Records drawn from a dataset
---------------

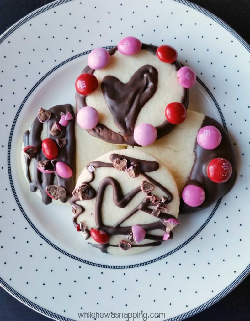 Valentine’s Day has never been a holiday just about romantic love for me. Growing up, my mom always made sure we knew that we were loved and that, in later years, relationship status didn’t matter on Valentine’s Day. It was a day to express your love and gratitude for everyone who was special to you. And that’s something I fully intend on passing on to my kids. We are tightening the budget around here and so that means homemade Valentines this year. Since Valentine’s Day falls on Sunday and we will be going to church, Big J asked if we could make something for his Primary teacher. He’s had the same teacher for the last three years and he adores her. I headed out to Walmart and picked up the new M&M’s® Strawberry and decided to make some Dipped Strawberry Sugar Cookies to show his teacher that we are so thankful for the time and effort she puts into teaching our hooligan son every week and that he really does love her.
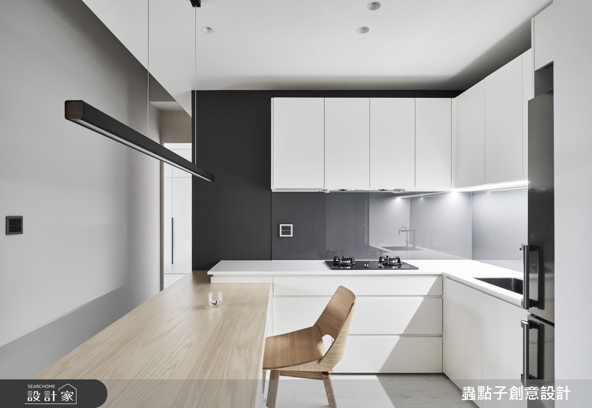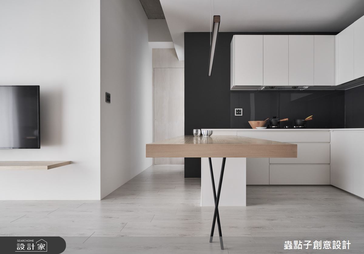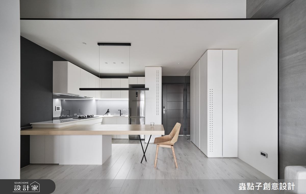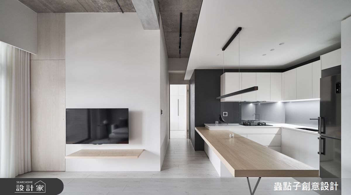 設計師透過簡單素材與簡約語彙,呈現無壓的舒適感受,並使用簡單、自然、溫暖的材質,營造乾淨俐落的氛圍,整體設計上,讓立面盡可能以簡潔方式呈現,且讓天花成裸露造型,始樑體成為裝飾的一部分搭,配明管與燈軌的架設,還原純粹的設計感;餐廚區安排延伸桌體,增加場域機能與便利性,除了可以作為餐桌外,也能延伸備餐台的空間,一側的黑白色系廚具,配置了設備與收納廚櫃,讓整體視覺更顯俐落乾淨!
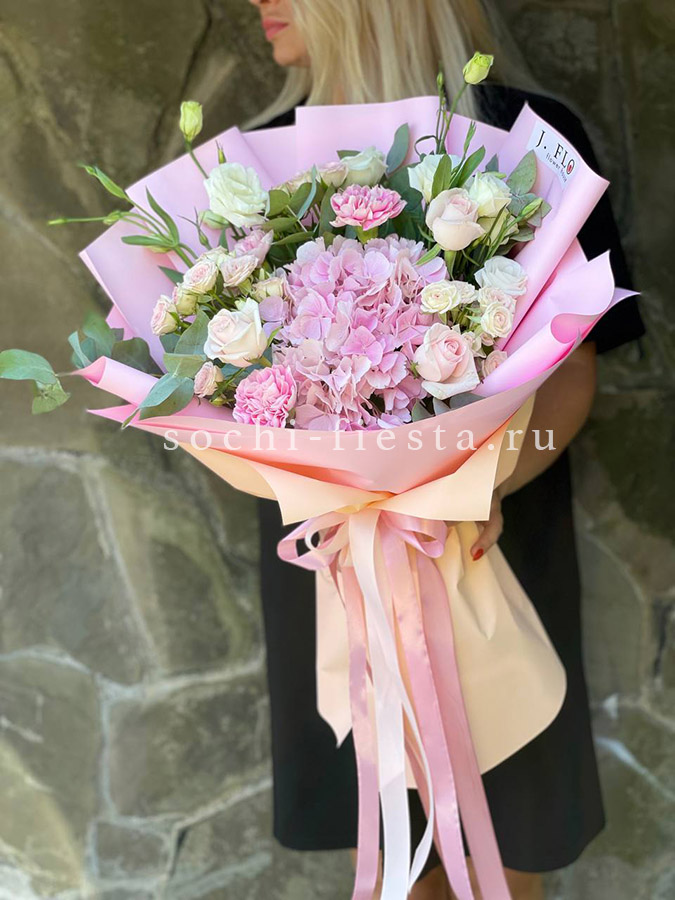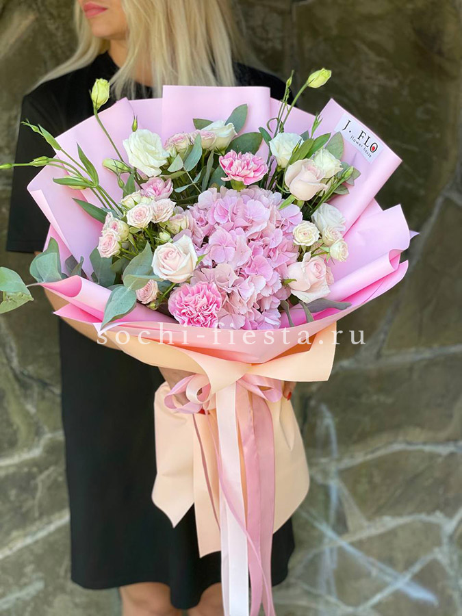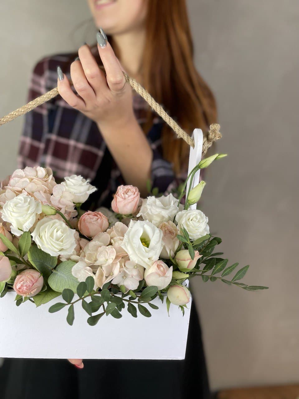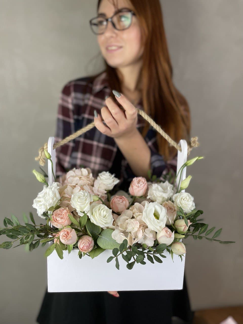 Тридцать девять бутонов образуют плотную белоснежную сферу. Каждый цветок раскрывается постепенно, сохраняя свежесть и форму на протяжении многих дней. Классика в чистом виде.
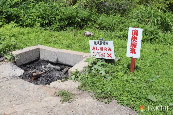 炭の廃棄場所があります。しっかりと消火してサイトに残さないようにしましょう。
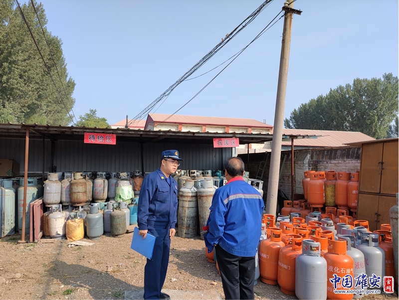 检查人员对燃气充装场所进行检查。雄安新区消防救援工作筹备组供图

---------------

--- What to do ---
Print all the entries again exactly as written, but without the pictures.

--- Output for this task ---
 Valentine’s Day has never been a holiday just about romantic love for me. Growing up, my mom always made sure we knew that we were loved and that, in later years, relationship status didn’t matter on Valentine’s Day. It was a day to express your love and gratitude for everyone who was special to you. And that’s something I fully intend on passing on to my kids. We are tightening the budget around here and so that means homemade Valentines this year. Since Valentine’s Day falls on Sunday and we will be going to church, Big J asked if we could make something for his Primary teacher. He’s had the same teacher for the last three years and he adores her. I headed out to Walmart and picked up the new M&M’s® Strawberry and decided to make some Dipped Strawberry Sugar Cookies to show his teacher that we are so thankful for the time and effort she puts into teaching our hooligan son every week and that he really does love her.
 設計師透過簡單素材與簡約語彙,呈現無壓的舒適感受,並使用簡單、自然、溫暖的材質,營造乾淨俐落的氛圍,整體設計上,讓立面盡可能以簡潔方式呈現,且讓天花成裸露造型,始樑體成為裝飾的一部分搭,配明管與燈軌的架設,還原純粹的設計感;餐廚區安排延伸桌體,增加場域機能與便利性,除了可以作為餐桌外,也能延伸備餐台的空間,一側的黑白色系廚具,配置了設備與收納廚櫃,讓整體視覺更顯俐落乾淨!
 Тридцать девять бутонов образуют плотную белоснежную сферу. Каждый цветок раскрывается постепенно, сохраняя свежесть и форму на протяжении многих дней. Классика в чистом виде.
 炭の廃棄場所があります。しっかりと消火してサイトに残さないようにしましょう。
 检查人员对燃气充装场所进行检查。雄安新区消防救援工作筹备组供图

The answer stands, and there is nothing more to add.